1. Once more, we'll revisit our orders from ShoeFly.com. Our new batch of orders is in the DataFrame `orders`. Examine the first 10 rows of the DataFrame

In [1]:
import pandas as pd

orders = pd.read_csv('orders.csv')

orders.head(10)

Unnamed: 0,id,first_name,last_name,email,shoe_type,shoe_material,shoe_color,price
0,97916,Douglas,Perez,DouglasPerez28@gmail.com,stilettos,fabric,brown,90
1,67691,Tiffany,O'neill,TiffanyO'neill51@gmail.com,wedges,leather,navy,94
2,72818,Susan,Rivas,Susan.Rivas@gmail.com,sandals,faux-leather,white,96
3,28080,Angela,Hopper,AngelaHopper62@outlook.com,stilettos,leather,red,96
4,89958,Thomas,Benjamin,TBenjamin1981@gmail.com,sandals,faux-leather,navy,97
5,11853,Jonathan,Park,JP1285@gmail.com,wedges,fabric,white,98
6,73682,Christine,Adkins,ChristineAdkins83@gmail.com,stilettos,faux-leather,red,99
7,52634,Cynthia,Tanner,CTanner1976@gmail.com,stilettos,faux-leather,navy,99
8,33847,Walter,Fitzgerald,WalterFitzgerald65@gmail.com,ballet flats,leather,white,101
9,25964,Carl,Garcia,CarlGarcia53@gmail.com,wedges,faux-leather,white,101


2. Our finance department wants to know the price of the most expensive pair of shoes purchased. Save your answer to the variable `most_expensive.`

In [2]:
most_expensive = orders.price.max()

most_expensive

498

3. Our fashion department wants to know how many different colors of shoes we are selling. Save your answer to the variable `num_colors`.

In [3]:
num_colors = orders.shoe_color.nunique()

num_colors

5

***

## Calculating Aggregate Functions I

When we have a bunch of data, we often want to calculate aggregate statistics (mean, standard deviation, median, percentiles, etc.) over certain subsets of the data.<br>
<br>
Suppose we have a grade book with columns `student`, `assignment_name`, and `grade`. The first few lines look like this:<br>

|student|assignment_name|grade|
|:------|:--------------|:----|
|Amy|Assignment 1|75|
|Amy|Assignment 2|35|
|Bob|Assignment 1|99|
|Bob|Assignment 2|35|
|...||

We want to get an average grade for each student across all assignments.

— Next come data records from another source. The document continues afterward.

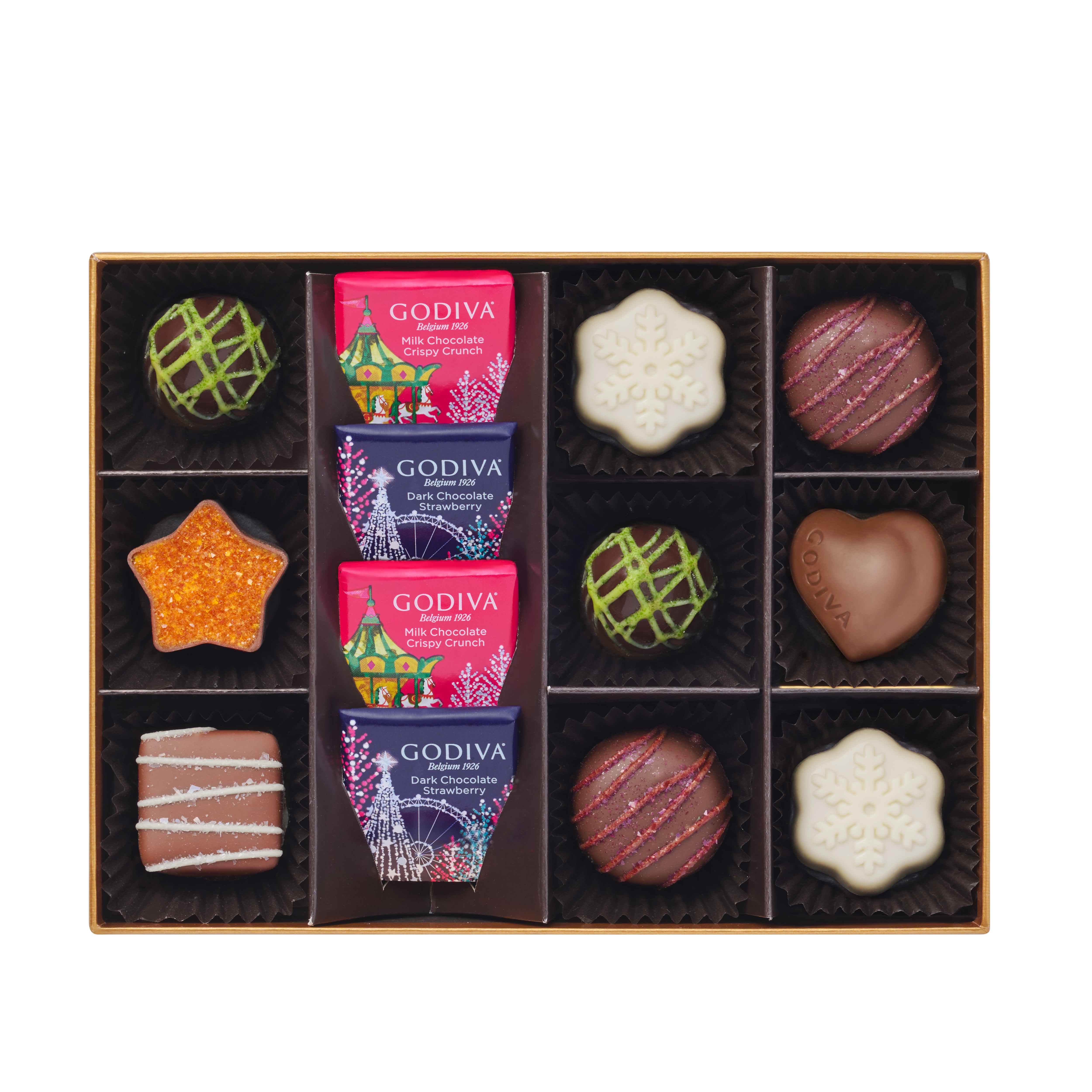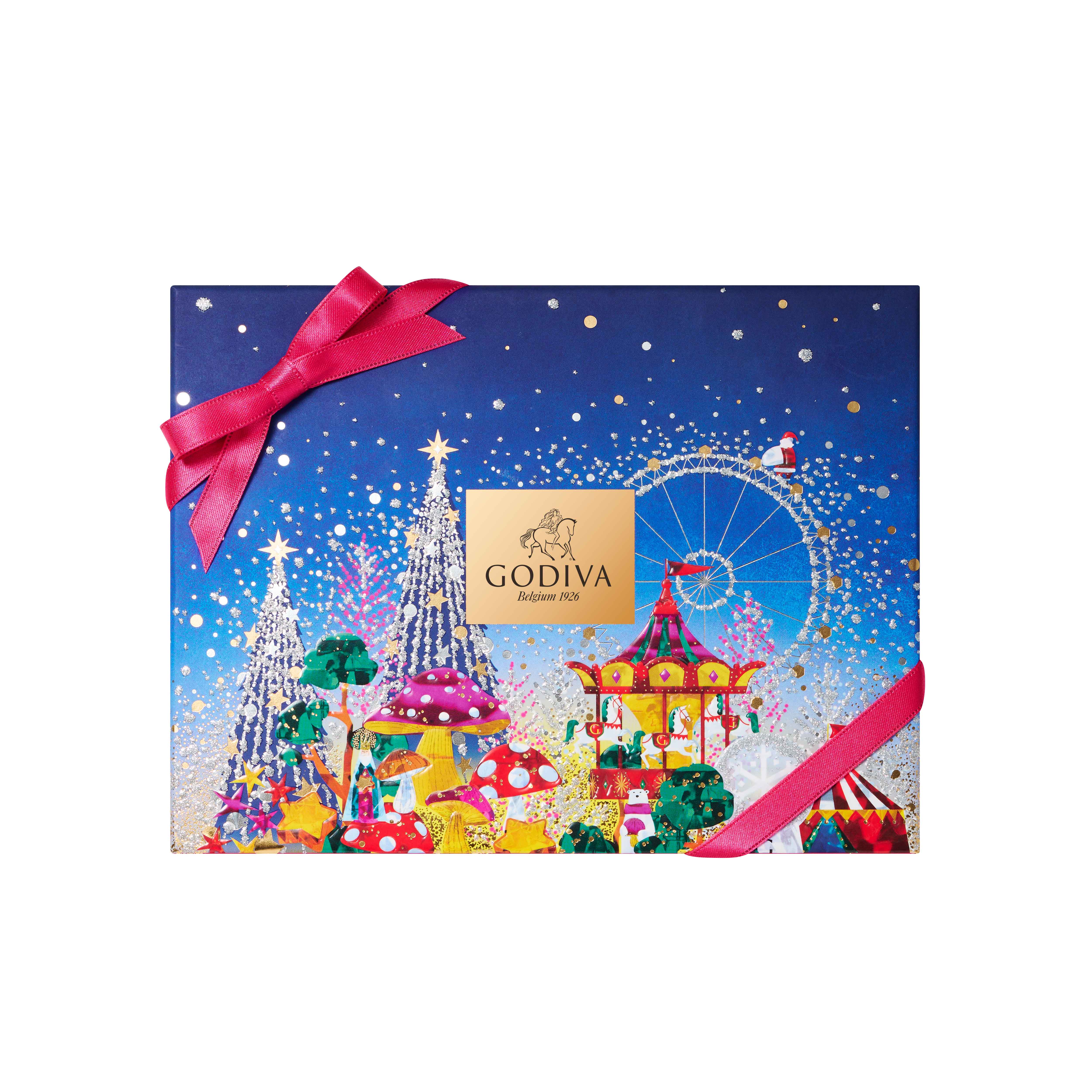 大口注文・法人のお問い合わせはこちら2024年ホリデーコレクションのテーマは、ブリュッセルのクリスマスマーケット「ウィンターワンダーズ」。 ホリデーシーズンにグランプラス広場で開催される光と音のショー。 ミニ観覧車や遊園地も出現。多くの人々が集まり楽しみながら、クリスマスを待ちわびます。 そんなハッピーな「ウィンターワンダーズ」の情景を描いたパッケージに、夜空に輝く星や、舞い散るスノーフレーク、もみの木などをイメージした限定チョコレートを詰め合わせました。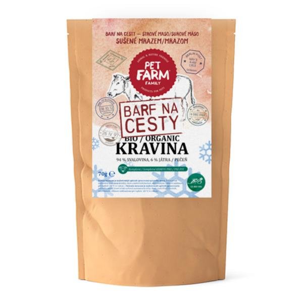 "PFF BIO Kravina - BARF na cesty 70g. BARF krmivo z lahodných, volně chovaných českých býků a krav. Čerstvý BIO hovězí BARF je ti na dosah kdykoliv tě chytne hlad. Vysoký podíl bílkovin a tuků zaručuje dokonalou chuť, která poškádlí chuťové pohárky i těm nejvybíravějším chlupáčům.• vyrobené z...
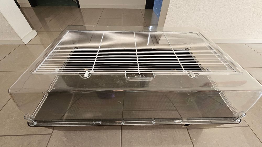 Der perfekte Wohnraum für deine Meerschweinchen! Dieser modulare Käfig von Ferplast bietet stolze 0,77m² Fläche - mehr Platz für glückliche Tiere. Maße: 107,5 x 72 x 50cm (LxBxH). Das coole Open-Top-Design ermöglicht super einfachen Zugang, und die Schiebetür mit Sicherheitsschloss verhindert Ausbrüche. Aus Metallgittern und recyceltem Kunststoff - nachhaltig und robust. Du kannst ihn später noch mit Erweiterungssets vergrößern! Reinigung? Kein Problem - einfach die kurze Seite anheben und herausziehen. Montage ohne Spezialwerkzeug in wenigen Minuten erledigt. Deine Meerschweinchen werden's dir danken!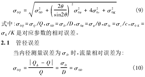 管(guan)徑測(ce)量精(jing)度一(yi)般能(neng)達到(dao)0.1%,按相(xiang)關倍(bei)數取(qu)值得(de)到不(bu)同管(guan)徑誤(wu)差σ0D時(shi)的流(liu)量誤(wu)差如(ru)表1所(suo)示。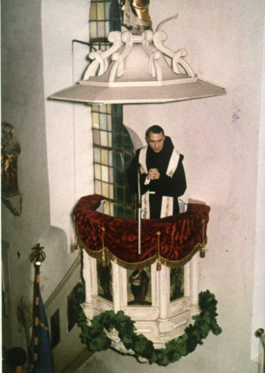 einem Ordenspater, begleitet durch den Ortspfarrer und weiteren Geistlichen,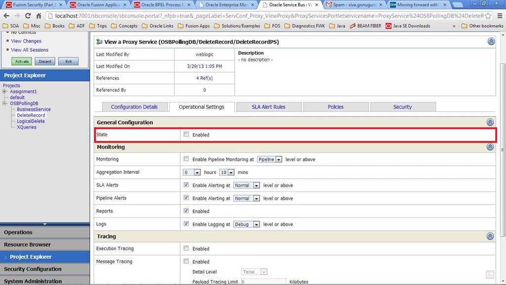 Deploy OSB project and disable the proxy DeleteRecordPS so that only our new proxy service will poll DB table.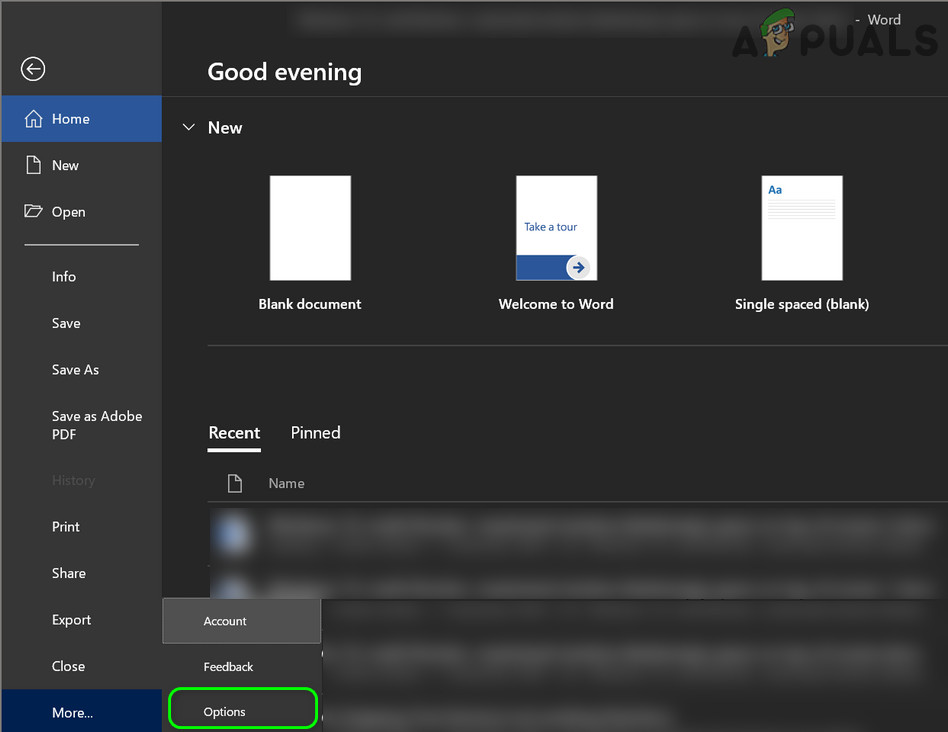 - Launch an office application (e.g., MS Word) and open its Options (you may have to navigate to the File tab and expand More).
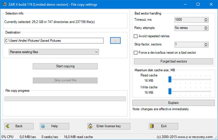 Наконец, укажите папку назначения на локальном диске и нажмите «Start copying», чтобы начать процесс восстановления.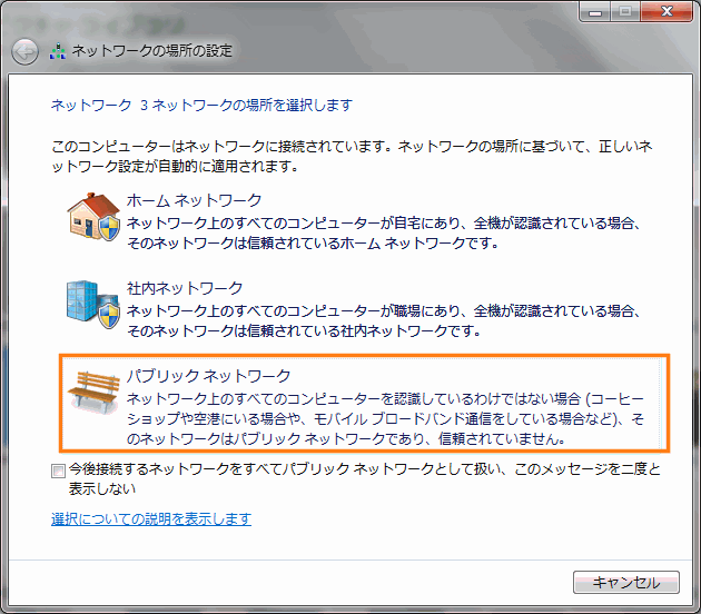 場合によってはこのような「ネットワーク場所の設定」が表示されるかもしれません。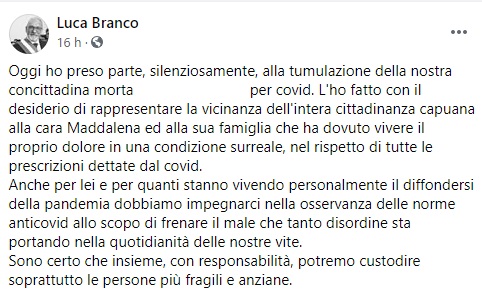 Questo il post pubblicato dal Sindaco di Capua Luca Branco sulla sua pagina Facebook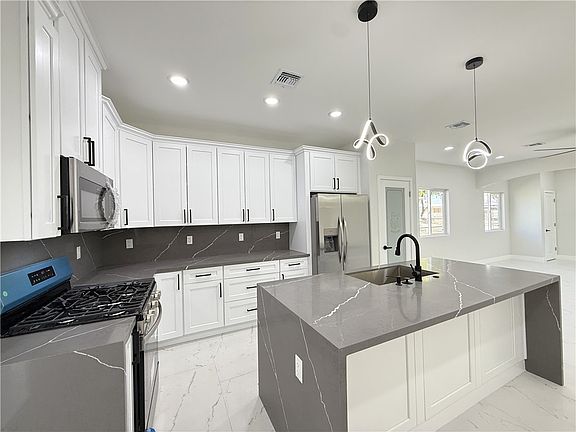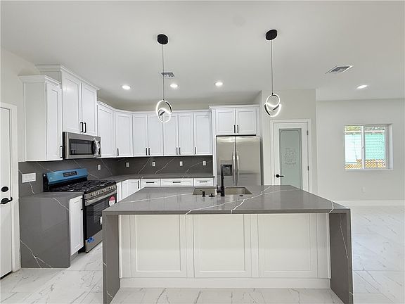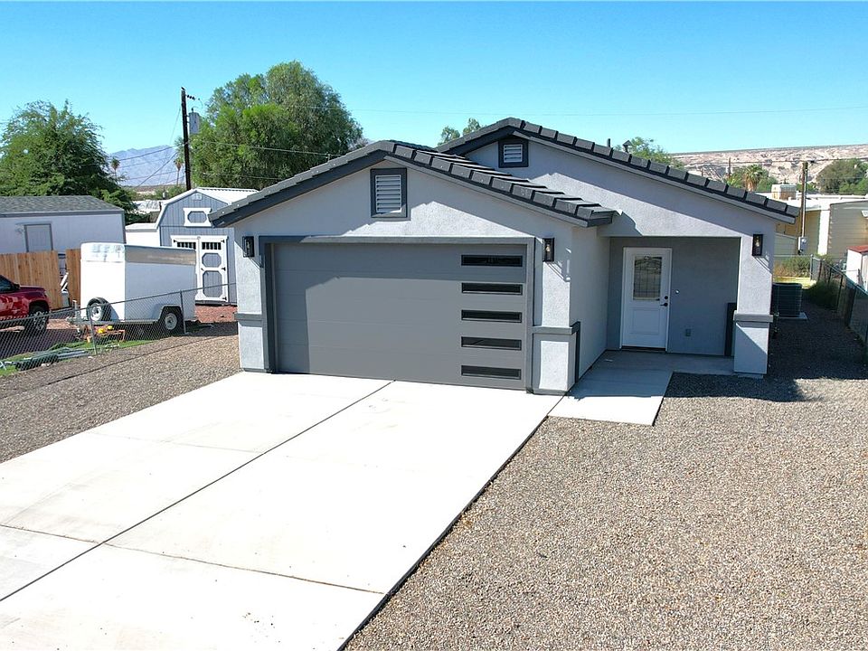 Welcome to this beautifully designed 3 bedroom, 2 bathroom new construction home, offering high-end finishes without the high price tag! Step inside to find sleek tile flooring throughout, an open and bright floor plan with a stunning waterfall kitchen island that serves as the centerpiece of the home. The kitchen features upscale lighting, white shaker cabinetry with black hardware, stainless steel appliance package (minus washer & dryer), and elegant quartz-style countertops that flow seamlessly through the backsplash for a refined, modern look. Both bathrooms are thoughtfully finished with contemporary fixtures, backlit mirrors, and floor-to-ceiling tile accents that create a spa-like atmosphere. Enjoy the convenience of a modern garage door with sleek windows, builder to install blinds at no additional cost, and side parking potential for extra space. The home is backed by an Arizona Standard Builder Warranty for added peace of mind. Perfectly situated near the Colorado River, local beaches, shopping, and schools, this home blends modern luxury with everyday practicality ideal for first-time buyers or those looking to downsize without compromise.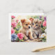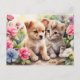 Carte Postale Illustration de chaton et de chiot dans le jardin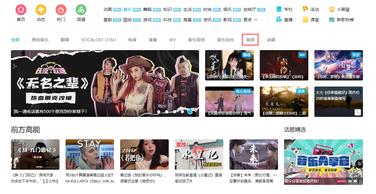 音乐板块除了音乐类视频,还有纯收听的音频类内容。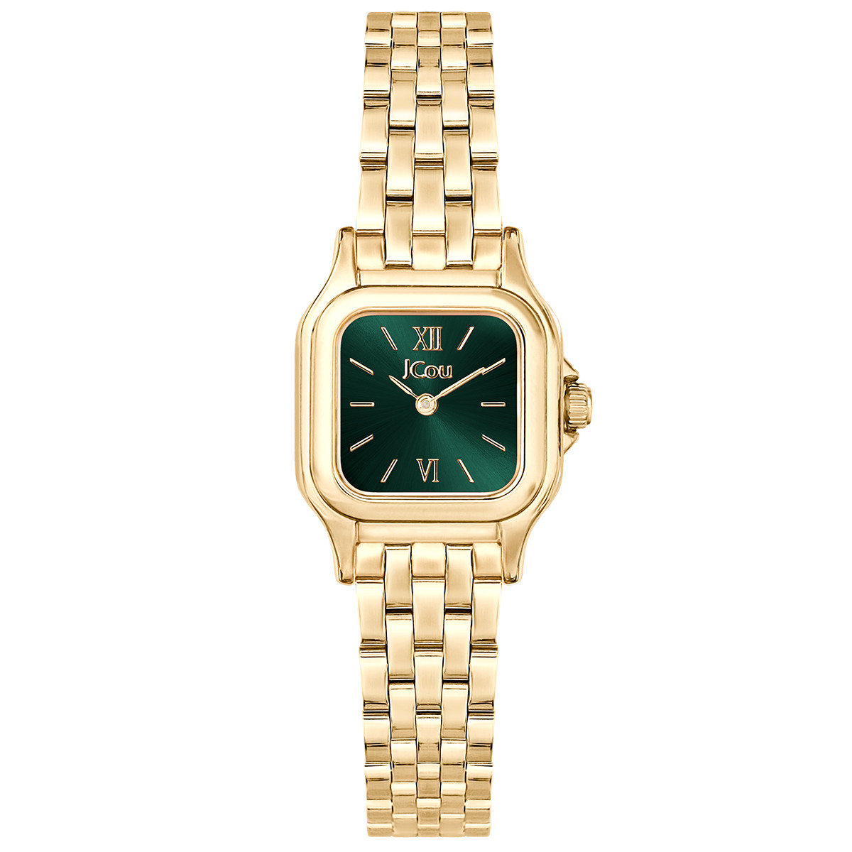Γυναικείο ρολόι JCOU διαμέτρου 22mm με μηχανισμό QUARTZ ακριβείας. Έχει καντράν πράσινου χρώματος με επίχρυσους δείκτες – λεπτομέρειες. Η κάσα του είναι επίχρυση από ανοξείδωτο ατσάλι με κρύσταλλο από ορυκτό κρύσταλλο ειδικής σκλήρυνσης. Έχει επίχρυσο μπρασελέ από ανοξείδωτο ατσάλι και κούμπωμα ασφαλείας.
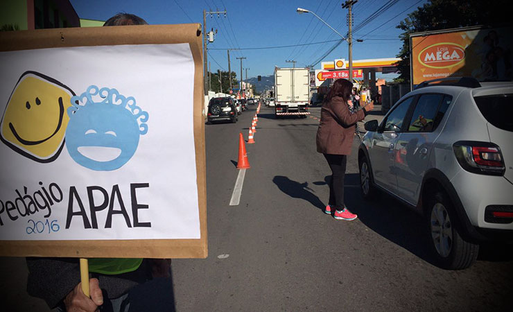 Um pedágio com fins beneficentes está sendo realizado nesse sábado (11), a, no sinaleiro no posto Chiquinho, no centro de Tijucas. O valor doado pelos motoristas e pedestres será destinado a Apae (Associação de Pais e Amigos dos Excepcionais).

We could do some sort of loop, but Pandas gives us a much easier option: the method `.groupby`.<br>
<br>
For this example, we'd use the following command:<br>
<br>
`grades = df.groupby('student').grade.mean()`<br>
<br>
The output might look something like this:<br>

|student|grade|
|:------|:----|
|Amy|80|
|Bob|90|
|Chris|75|
|…||
	
In general, we use the following syntax to calculate aggregates:<br>
<br>
`df.groupby('column1').column2.measurement()`<br>
<br>
where:<br>
* `column1` is the column that we want to group by (`'student'` in our example)
* `column2` is the column that we want to perform a measurement on (`grade` in our example)
* `measurement` is the measurement function we want to apply (`mean` in our example)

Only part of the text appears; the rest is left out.